What the exercise asks: Write out the entries below exactly, but only from the line containing "審査に加わった校長からは「時" through the line containing "喜欢工业风的小伙伴,也可以换", and without the pictures.

Material for the task:
* * * *
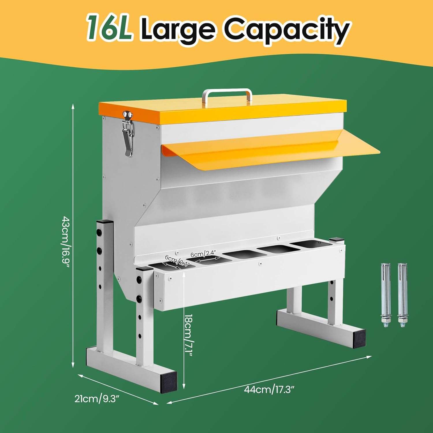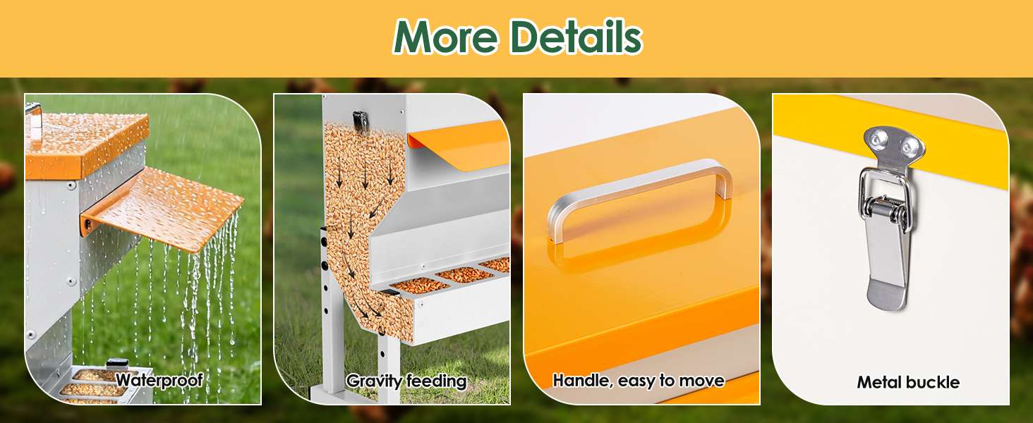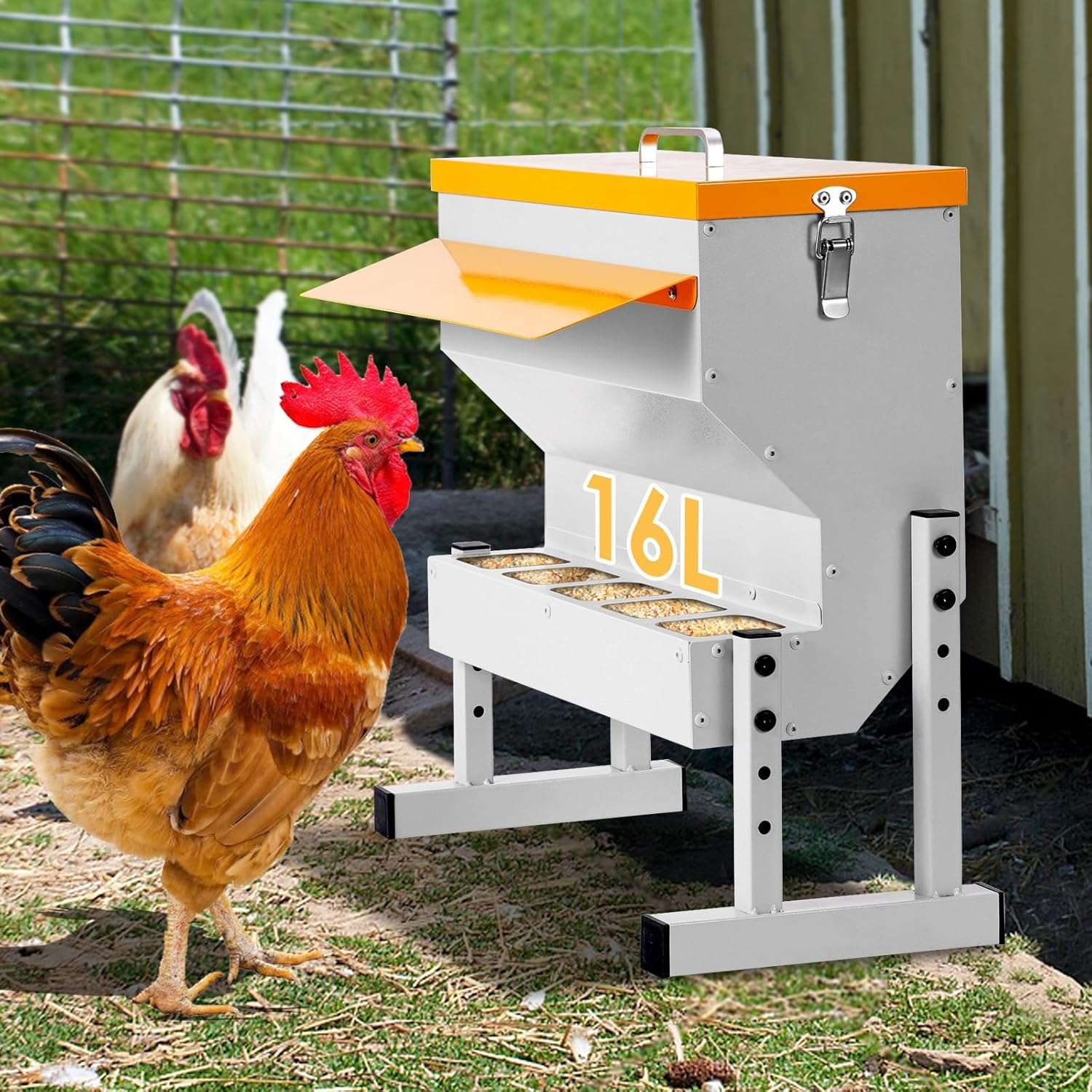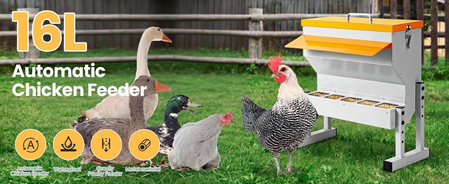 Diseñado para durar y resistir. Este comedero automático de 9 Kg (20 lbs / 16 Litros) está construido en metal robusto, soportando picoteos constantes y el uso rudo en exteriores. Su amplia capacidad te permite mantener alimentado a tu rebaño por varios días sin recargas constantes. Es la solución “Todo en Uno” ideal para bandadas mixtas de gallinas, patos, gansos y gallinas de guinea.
* * * *
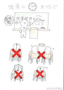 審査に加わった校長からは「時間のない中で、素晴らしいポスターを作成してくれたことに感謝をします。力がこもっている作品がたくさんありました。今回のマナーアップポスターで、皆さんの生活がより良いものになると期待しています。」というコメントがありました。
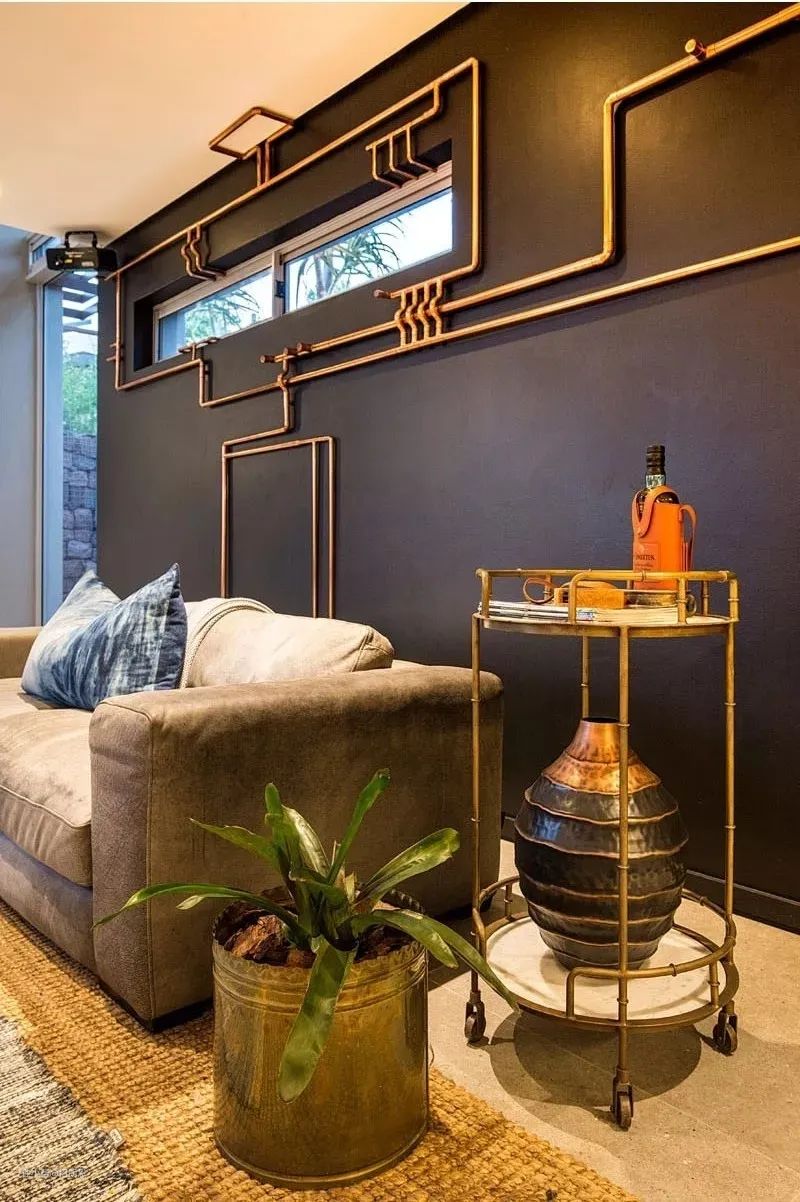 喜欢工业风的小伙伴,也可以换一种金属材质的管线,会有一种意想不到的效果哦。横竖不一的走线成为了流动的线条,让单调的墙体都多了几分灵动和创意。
* * * *
Task response:
 審査に加わった校長からは「時間のない中で、素晴らしいポスターを作成してくれたことに感謝をします。力がこもっている作品がたくさんありました。今回のマナーアップポスターで、皆さんの生活がより良いものになると期待しています。」というコメントがありました。
 喜欢工业风的小伙伴,也可以换一种金属材质的管线,会有一种意想不到的效果哦。横竖不一的走线成为了流动的线条,让单调的墙体都多了几分灵动和创意。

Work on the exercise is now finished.